The setup is that Lucy Muchelney had been assisting her father in astronomy for years, and had been taking over more and more of his math calculations and correspondence in the years leading up to his death. After his passing, Lucy seizes a chance and presents herself to Catherine St. Day, the Countess of Moth, as someone who can translate a groundbreaking new astronomy text. Catherine is a widow, coming out of a loveless and emotionally abusive marriage in which she was forced to put all her own interests to the side and babysit, as well as bankroll, her husband’s scientific ambitions. New to acting on her feelings towards women and wary of once again competing with science for someone’s attentions, Catherine nonetheless sets out to mentor Lucy into London’s polite scientific society. Lucy, in return, struggles to live up to Catherine’s project, navigate the close-minded Fellows who are determined to be the gatekeepers to scientific progress, and encourage Catherine to pursue her own creative ambitions. Together, they try to figure out how to fit themselves and their ambitions into society and build something permanent.

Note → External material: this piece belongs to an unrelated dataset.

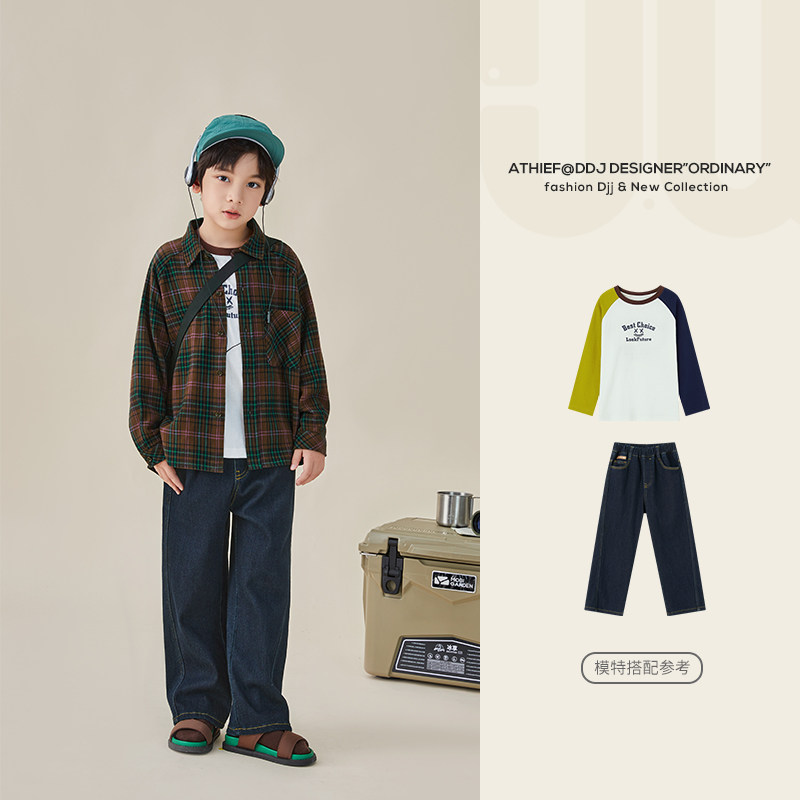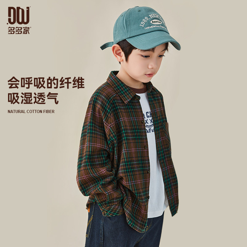 多多家 Осенняя рубашка для мальчиков, ретро хлопковый осенний лонгслив

One of the great things about this book was the presence of multiple queer ladies! Not just the main characters! Not only is Lucy’s former lover, the infamous Pris, around casting shadows on Lucy’s current life, Lucy strongly implies that she and Pris were not the only ones in their school interested in some Sapphic exploration. Lucy also instantly connects with Aunt Kelmarsh, one of Catherine’s friends who is revealed to have been in a happy relationship with Catherine’s mother. This inter-generational queer connection is really great to see. Not only do Aunt Kelmarsh and Lucy’s schoolmates establish a covert culture of queer relationships that buoy and validate each other, Aunt Kelmarsh provides the knowledge that attitudes and lifestyles were different in her youth than in the present, setting Lucy and Catherine’s relationship into a greater history of women having relationships with each other. They know that they do not love in isolation, they know they aren’t the first to set up such an arrangement, and they know that such relationships happen no matter how society’s attitudes about them cycle around. Such a context makes it possible for us to have the dynamic where Lucy, the younger of the pair and from the rustic countryside, is the more experienced of the two in having relationships with other women. It’s all delightful, give me all the networks of ladies loving and supporting each other.

The other thing I love was the element of creating and creativeness. Throughout the book Catherine hones her embroidery talents, showing them not just to be fancy work in a sampler, but also practical in making and decorating clothes for Lucy. Astronomy may be a science, but Lucy not only has great scientific knowledge, but also shows great creativity in taking her project from a straight translation into a more accessible volume. The care and talent she puts into her writing is very touching. There is also their developing relationship with the publishing house they use for Lucy’s project. This book would be entertaining enough for just with two talented ladies practicing their crafts for each other, but at the end the author projects their prodigious talents to greater future heights and again connects them to other women doing the same.

I am fairly easy to entice with queer regency romance, but this book really lived up to the hype I had heard about it. Not only are there are the elements of a good regency romance you look for and enjoy, the book sells the romance between Lucy and Catherine while also expanding its focus, giving them a place in a wider queer and artistic world. Definitely give this book a read if romance is your genre.